(Task inputs Opens)
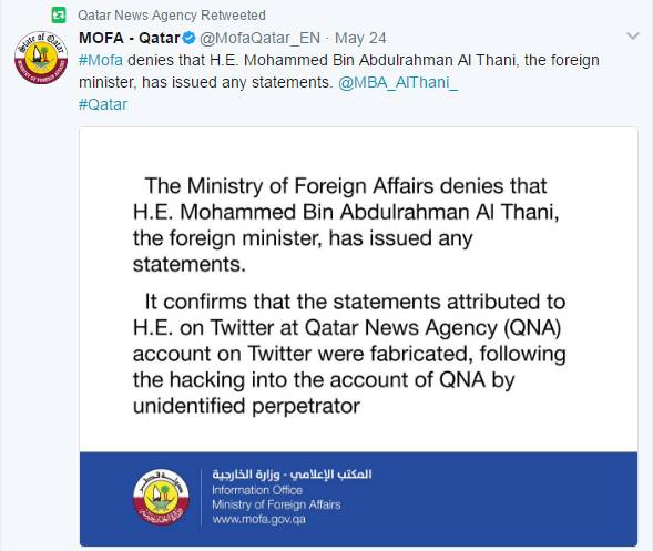 海湾国家的媒体当晚相继报道这则“大新闻”,从报道中得知这件事的卡塔尔人吃了一惊。第二天,卡塔尔政府通讯办公室主任表示,卡塔尔新闻社的网站“遭到了不明实体的黑客入侵”,“一份被归于本国埃米尔谢赫塔米姆·本·哈马德·艾勒萨尼殿下的假声明被刊发了出来”。
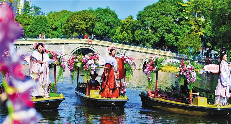 ▼1月18日,2023年广州水上花市开启,以“荔枝湾”“泮塘古村”“十三行”等文化旅游名片命名的特色花舫在湖面巡游。王 燕摄(中经视觉)
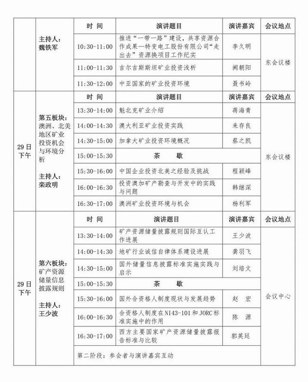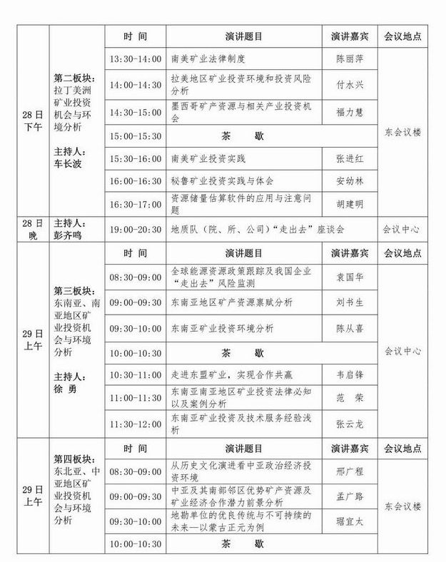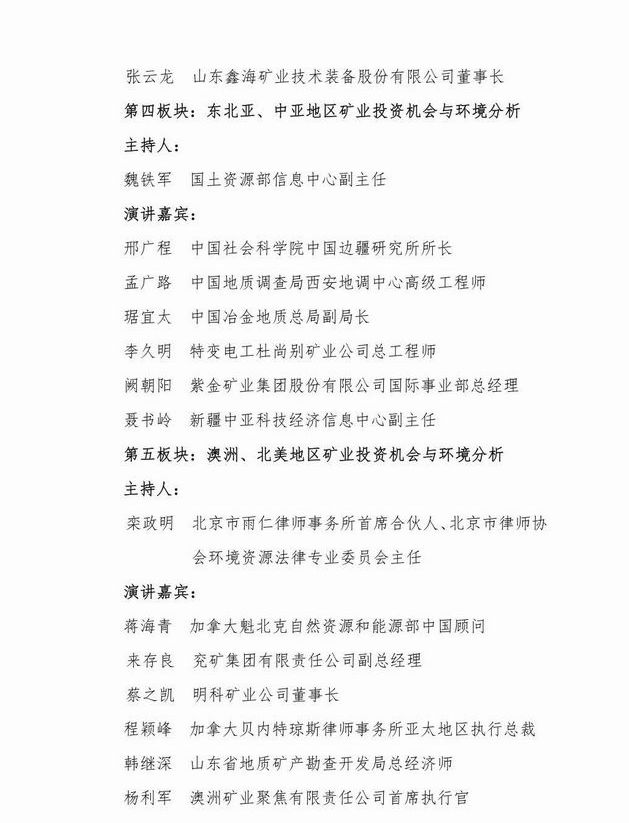 主旨論壇、分論壇第一板塊:非洲礦業投資機會與環境分析、第二板塊:拉丁美洲礦業投資機會與環境分析、第三板塊:東南亞、南亞地區礦業投資機會與環境分析、第四板塊:東北亞、中亞地區礦業投資機會與環境分析、第五板塊:澳洲、北美地區礦業投資機會與環境分析、第六板塊:礦產資源儲量信息披露規則分別由國土資源部原總工程師、米兰竞技足球俱乐部官网會長彭齊鳴 ,國土資源部科技與國際合作司副司長白星碧,國土資源部中央地質勘查基金管理中心主任車長波,中國地質調查局發展研究中心主任徐勇,國土資源部信息中心副主任魏鐵軍,北京市雨仁律師事務所首席合夥人、北京市律師協會環境資源法律專業委員會主任欒政明,國土資源部礦產資源儲量司副司長王少波主持。
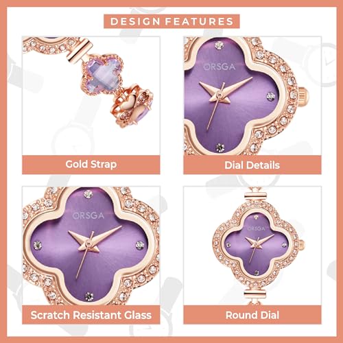 Be the first to review “ORSGA Watch Bracelet Analog Clover Dial Wrist Watch for Ladies Luxury Diamond Stone Rose Gold Brass Strap Dress Watch for Women”
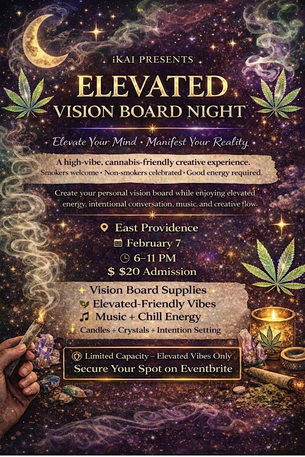 Ready to vibe and share your boldest ideas? Join us for Elevated Vision Board Night — an epic evening where creativity flows and visions take flight. A high-vibe cannabis-friendly creative experience.
(Task inputs Closes)
What is needed: The expected answer is an exact copy of the lines from the one containing "Be the first" through the last line of the entries above, both included, without pictures.

Written answer:
 Be the first to review “ORSGA Watch Bracelet Analog Clover Dial Wrist Watch for Ladies Luxury Diamond Stone Rose Gold Brass Strap Dress Watch for Women”
 Ready to vibe and share your boldest ideas? Join us for Elevated Vision Board Night — an epic evening where creativity flows and visions take flight. A high-vibe cannabis-friendly creative experience.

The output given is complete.